Application of scientific knowledge A steam turbine with the case opened. Such turbines produce many of the electrical power used today. Electricity intake and living standards are extremely associated. Innovation (" science of craft", from Greek, techne, "art, ability, cunning of hand"; and -,) is the amount of methods, skills, techniques, and processes used in the production of items or services or in the accomplishment of objectives, such as clinical examination.
Systems (e. g. makers) applying innovation by taking an input, altering it according to the system's usage, and after that producing an outcome are referred to as innovation systems or technological systems. The most basic form of technology is the development and use of basic tools. The ancient invention of shaped stone tools followed by the discovery of how to control fire increased sources of food.
The innovation of the wheel helped people to travel in and control their environment.
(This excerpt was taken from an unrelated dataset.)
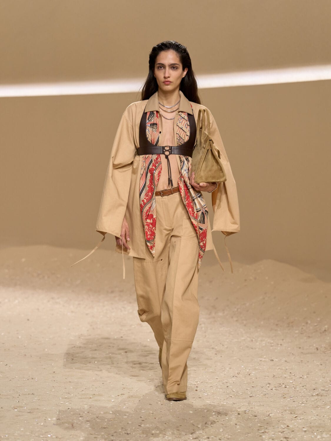 Inspired by France’s Camargue region – its wild nature, cowboy culture and white horses, Nadège Vanhée brought a freer, more bohemian feeling to the Hermès equestrian story. Describing the region as “a land of bohemians, gypsies – and freedom,” she said, “I wanted to bring this zest of freedom to equestrian style, which is often associated with the strict and the rational. I wanted to let go and give it a sense of spontaneity and fullness.”

Developments in historical times, consisting of the printing press, the telephone, and the Web, have actually lessened physical barriers to communication and allowed people to engage easily on a worldwide scale. Innovation has lots of results. It has helped establish advanced economies (including today's international economy) and has allowed the rise of a leisure class.
Innovations have always influenced the values of a society and raised new questions in the ethics of innovation. Examples consist of the rise of the notion of effectiveness in regards to human efficiency, and the challenges of bioethics. Philosophical disputes have developed over the use of technology, with disputes over whether technology improves the human condition or worsens it.
Meaning and use Using the term "innovation" has changed significantly over the last 200 years. Prior to the 20th century, the term was uncommon in English, and it was used either to describe the description or research study of the helpful arts or to allude to technical education, as in the Massachusetts Institute of Technology (chartered in 1861).
The term's significances altered in the early 20th century when American social scientists, starting with Thorstein Veblen, translated concepts from the German idea of into "innovation." In German and other European languages, a difference exists between technik and technologie that is absent in English, which normally equates both terms as "innovation." By the 1930s, "technology" referred not just to the research study of the commercial arts but to the industrial arts themselves.